Reputation: 33
I'm new to R and I have been using the dplyr package to summarise. I couldn't figure out a solution to the following problem.
My tibble: 8 x 3 is as below:
df <- tibble(id = c(1, 1, 1, 1, 1, 2, 2, 2 ),
block = c(2, 2, 2, 3, 3, 2, 2, 3),
answer = "TRUE")
id | block | answer |
---|---|---|
1 | 2 | TRUE |
1 | 2 | TRUE |
1 | 2 | TRUE |
1 | 3 | TRUE |
1 | 3 | TRUE |
2 | 2 | TRUE |
2 | 2 | TRUE |
2 | 3 | TRUE |
ID -> participant ID
block -> highest correct block
I want to retain only the highest block score for each participant but the highest block score is defined as the highest score with at least two correct (TRUE) in each block condition.
In the example above, the participant 1's highest block score would be 3 as there are at least two correct responses at block 3. The highest score for participant 2 is 2. See the example below.
The final output should be like this:
id | block | answer |
---|---|---|
1 | 3 | TRUE |
2 | 2 | TRUE |
Anyone has any idea on how I should start?
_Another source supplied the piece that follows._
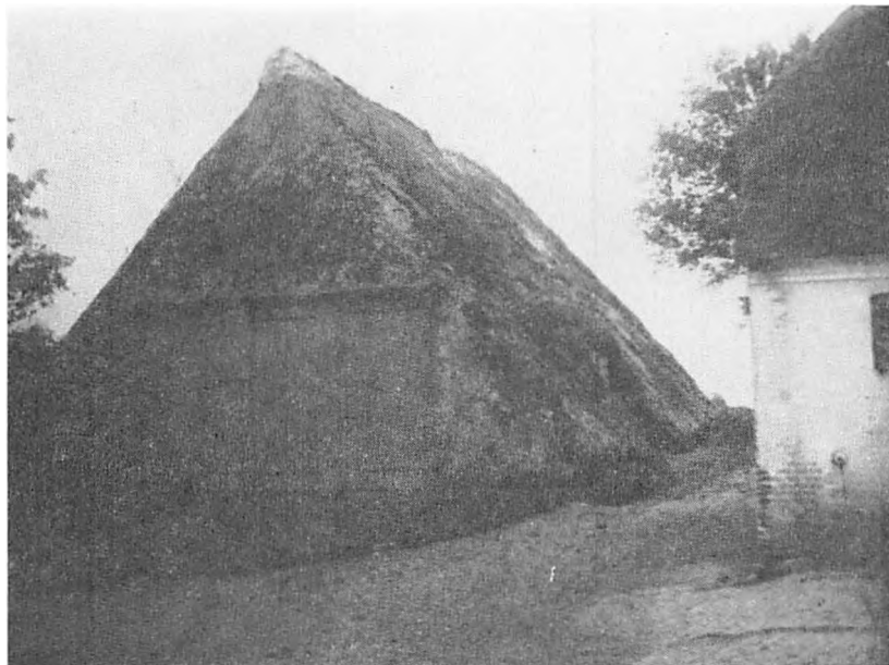
Kraps jordlade, foto 1913

1604 bøde fem daler, fordi han trods hertugens forbud har fejret bryllupsgilde.

Or any package that can solve this problem?
I managed to maintain the last row for each participant using the slice_tail
argument but not sure how to proceed from there
Upvotes: 3
Views: 204
Reputation: 642
Here is a suggestion if you would like to use base R only.
s=lapply(1:nrow(df),
function(x)
df[df$id==x, ][ as.vector(max(df[df$id==x, 'block'])==df[df$id==x, 'block']), ]
)
ss=do.call(rbind.data.frame, s)
unique(ss)
Upvotes: 1
Reputation: 388862
filter
to keep only those blocks that have >= 2
TRUE
values, later for each id
keep the row with max
block
value.
library(dplyr)
df %>%
group_by(id, block) %>%
filter(sum(as.logical(answer)) >= 2) %>%
group_by(id) %>%
slice(which.max(block)) %>%
ungroup
# id block answer
# <dbl> <dbl> <chr>
#1 1 3 TRUE
#2 2 2 TRUE
Upvotes: 5
Reputation: 15123
This will work
library(dplyr)
df %>%
group_by(id,block) %>%
filter(answer == TRUE) %>%
filter(n() > 1) %>%
distinct() %>%
group_by(id) %>%
filter(block == max(block))
id block answer
<dbl> <dbl> <chr>
1 1 3 TRUE
2 2 2 TRUE
Upvotes: 3